Monica Zoltanski’s historic 21-vote win will stand, but ranked choice voting may face more questions.

(Courtesy photo) Sandy Mayor-elect Monica Zoltanski.

Sandy leaders dropped their request for a recount and accepted the razor-tight mayoral election results Monday in a terse meeting that ended in just a few minutes.

That means City Council member Monica Zoltanski is now the mayor-elect.

She won by 21 votes, besting businessman Jim Bennett who came in second. There were six other challengers in this ranked choice voting race, which was the largest in Salt Lake County this election cycle.

Zoltanski will become Sandy’s first female mayor, which she called “a huge honor.”

“I just have a 21-day bottle of champagne on ice,” she said after the meeting. “I can finally uncork it tonight.”

The results were accepted Monday by the board of canvassers, which includes the City Council and outgoing Mayor Kurt Bradburn. The vote was unanimous, with Zoltanski joining the rest of the board in voting to accept the results.

In the motion, council member Marci Houseman said, “There is some ambiguity in Utah law concerning the mandatory recount threshold and recount process related to ranked choice voting.” But the board relied on advice from the lieutenant governor’s office, which oversees elections in the state.

The move comes after days of back-and-forth over a potential recount. The City Council previously voted to request one believing that if the race was closer than 57 votes, that a recount was in order.

But longtime Salt Lake County Clerk Sherrie Swensen argued that the 21-vote gap was just outside of the margin for a mandatory recount. That margin is determined by a complex formula, and in this race, Swensen said, it came to 19 votes.

Lt. Gov. Deidre Henderson, the state’s chief elections official, weighed in over the weekend, and agreed with Swensen’s math.

“The final vote count falls outside the mandatory recount threshold,” Henderson wrote. “A recount is not mandatory, but it is also not prohibited by law if the county clerk wishes to conduct one at her discretion.”

Swensen disagrees with that. She said clerks have always used a threshold to determine if a recount was possible and, in this case, the race didn’t meet that threshold. She told Sandy she couldn’t do a full recount.

“When they talk about at our discretion, could you even imagine how problematic that would be,” Swensen said. ”Could you imagine what a Pandora’s box that could open if we, at our discretion, started doing recounts.”

(Courtesy photo) Jim Bennett lost the Sandy's mayoral race by 21 votes.

Bennett, who was two votes shy of the mandatory recount, wanted to see the votes tallied again, even though he had previously conceded to Zoltanski and didn’t expect the results to change.

Bennett had told The Salt Lake Tribune his request for a recount got “shot down” before Henderson got involved, and he was talking to his lawyers about his options. Reached Monday evening after the election results were certified, Bennett texted “I don’t have anything to say.”

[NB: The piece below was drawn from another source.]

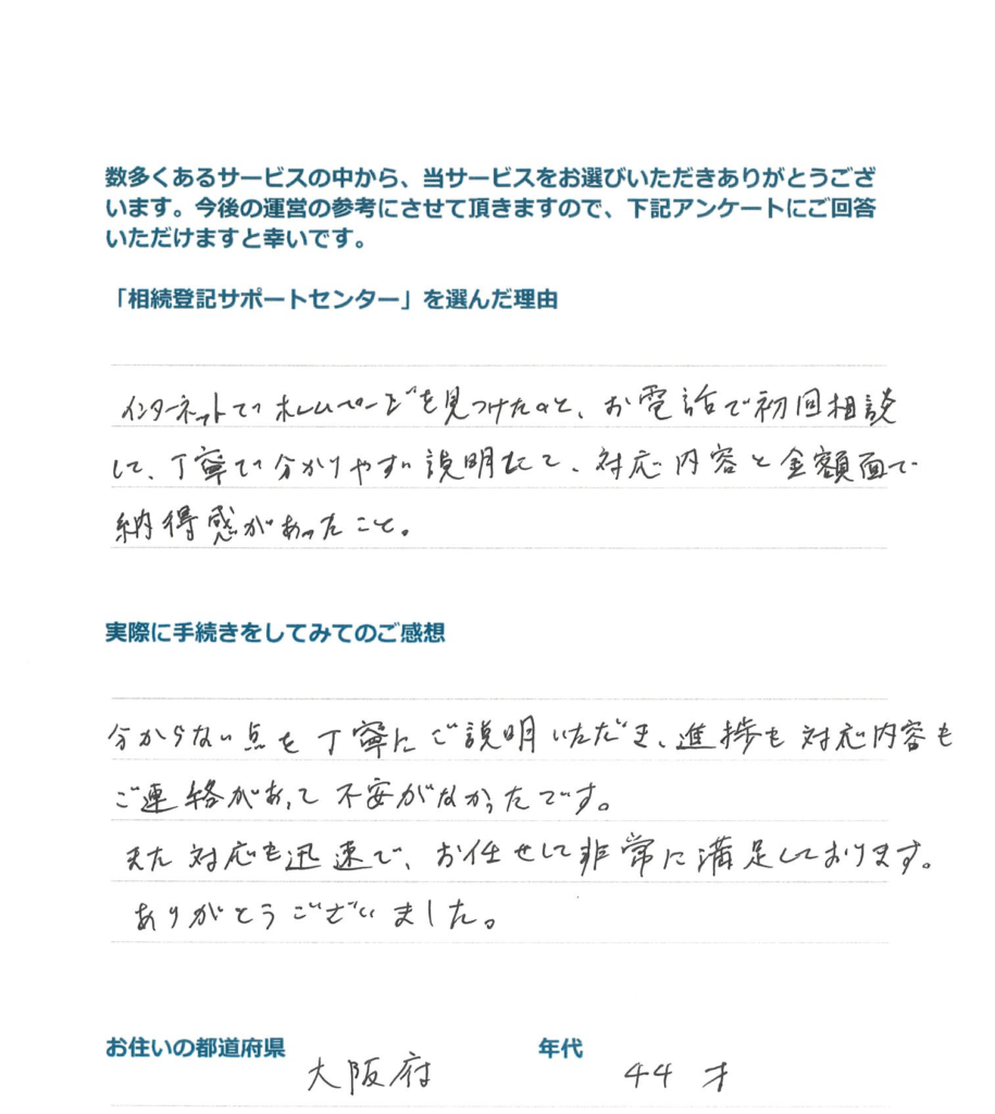 また対応も迅速で、お任せして非常に満足しております。ありがとうございました。

Last week, when the Sandy board of canvassers called for a recount, Zoltanski recused herself, not wanting to be the deciding vote in her own election. Zoltanski reached out to Henderson asking her to issue an opinion on the recount issue.

Henderson not only sided with Swensen on the threshold, but she also noted that Bradburn, the outgoing mayor, should vote as a member of the board of canvassers.

Houseman said that opinion carried weight with the City Council and ended the debate over whether to continue seeking a recount.

Zoltanski felt comfortable voting to certify the election because it was an unanimous decision.

“It is fair to say this election had more twists and turns than a roller coaster at Lagoon,” she said, adding that Sandy residents should feel reassured that the elected representatives worked together to accept the results.

Swensen mentioned the Sandy mayor’s race in her testimony before state lawmakers Nov. 17. She said ranked choice voting elections should be limited to three or five choices, not the eight seen in Sandy.

In ranked choice voting races, voters have the option of ranking all of the candidates identifying their first choice, second choice and so on. The last place vote-getter is eliminated and those votes then get redistributed to the second choices. This goes on until one candidate gets more than 50% of the vote.

It took Zoltanski seven rounds to get a majority. In that process, more than 4,000 ballots were “exhausted,” meaning that the voter didn’t pick any remaining candidates.

Swensen also told lawmakers that the recount rules for ranked choice elections should be revisited.

Sandy was one of 23 Utah cities using ranked choice voting for the 2021 election.

Zoltanski paused when asked if Sandy should stick with the voting system in future elections.

“I’m going to leave it to the next council to decide,” she said. “We opted in as a one-year pilot project, and there is a lot to distill.”

Among her first priorities as mayor will be working on the transportation plan for Little Cottonwood Canyon and collaborating with the City Council to ensure the police and fire departments are adequately funded. Zoltanski plans to hold her first transition meetings Tuesday.